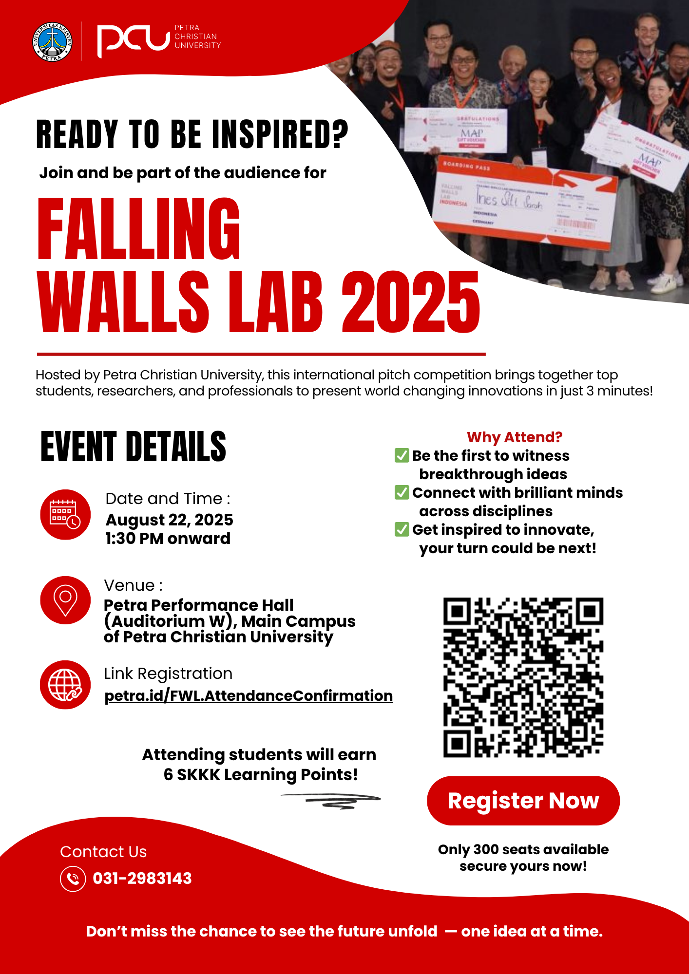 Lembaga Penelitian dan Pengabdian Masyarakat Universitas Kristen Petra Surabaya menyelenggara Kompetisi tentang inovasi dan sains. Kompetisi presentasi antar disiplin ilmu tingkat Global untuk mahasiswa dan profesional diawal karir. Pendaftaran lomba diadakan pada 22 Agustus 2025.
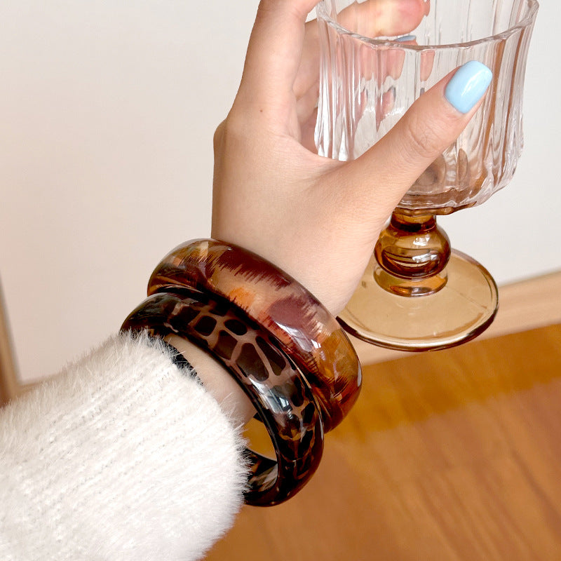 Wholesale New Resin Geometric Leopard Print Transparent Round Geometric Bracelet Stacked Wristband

________________

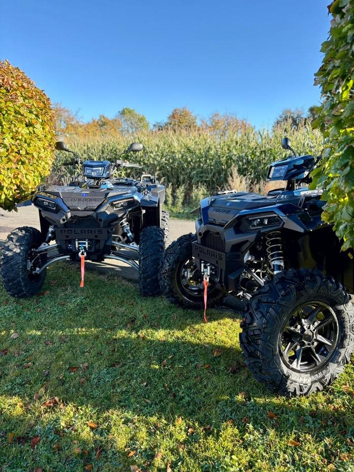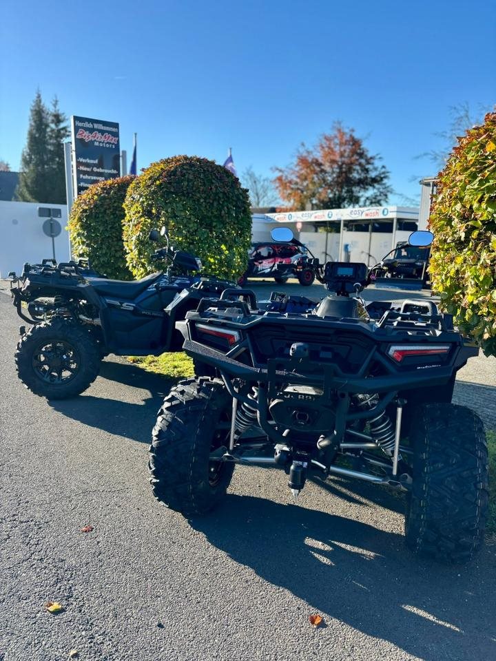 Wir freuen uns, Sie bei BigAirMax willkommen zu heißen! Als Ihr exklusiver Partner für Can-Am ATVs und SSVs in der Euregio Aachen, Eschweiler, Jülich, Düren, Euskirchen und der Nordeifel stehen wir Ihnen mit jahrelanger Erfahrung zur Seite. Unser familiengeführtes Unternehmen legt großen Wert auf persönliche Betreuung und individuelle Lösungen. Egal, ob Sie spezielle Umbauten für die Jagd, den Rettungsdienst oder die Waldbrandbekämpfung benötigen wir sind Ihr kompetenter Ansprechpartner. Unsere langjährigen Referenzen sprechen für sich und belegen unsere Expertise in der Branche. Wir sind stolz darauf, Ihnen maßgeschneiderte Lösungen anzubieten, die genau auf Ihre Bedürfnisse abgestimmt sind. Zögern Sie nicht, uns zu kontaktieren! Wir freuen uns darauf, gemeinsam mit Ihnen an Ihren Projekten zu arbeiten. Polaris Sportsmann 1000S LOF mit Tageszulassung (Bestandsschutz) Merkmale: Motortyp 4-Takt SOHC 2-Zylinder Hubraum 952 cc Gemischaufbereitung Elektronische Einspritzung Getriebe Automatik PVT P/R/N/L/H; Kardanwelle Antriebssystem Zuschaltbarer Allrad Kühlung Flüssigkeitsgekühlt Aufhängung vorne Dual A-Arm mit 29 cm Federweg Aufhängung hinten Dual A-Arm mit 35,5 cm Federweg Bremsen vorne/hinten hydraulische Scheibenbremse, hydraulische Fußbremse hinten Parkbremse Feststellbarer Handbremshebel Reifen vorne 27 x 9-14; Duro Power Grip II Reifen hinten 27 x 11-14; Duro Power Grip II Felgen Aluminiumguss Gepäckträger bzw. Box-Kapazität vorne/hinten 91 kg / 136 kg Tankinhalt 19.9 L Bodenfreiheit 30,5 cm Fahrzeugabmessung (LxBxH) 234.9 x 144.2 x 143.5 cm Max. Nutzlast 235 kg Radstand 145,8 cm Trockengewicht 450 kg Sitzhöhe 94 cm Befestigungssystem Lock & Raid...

________________

= TASK REQUIREMENTS =
Excluding any pictures, print exactly the lines of the listing above from the line with "Lembaga Penelitian dan" to the line with "Wholesale New Resin", both ends included.

= SOLUTION TO THIS TASK =
 Lembaga Penelitian dan Pengabdian Masyarakat Universitas Kristen Petra Surabaya menyelenggara Kompetisi tentang inovasi dan sains. Kompetisi presentasi antar disiplin ilmu tingkat Global untuk mahasiswa dan profesional diawal karir. Pendaftaran lomba diadakan pada 22 Agustus 2025.
 Wholesale New Resin Geometric Leopard Print Transparent Round Geometric Bracelet Stacked Wristband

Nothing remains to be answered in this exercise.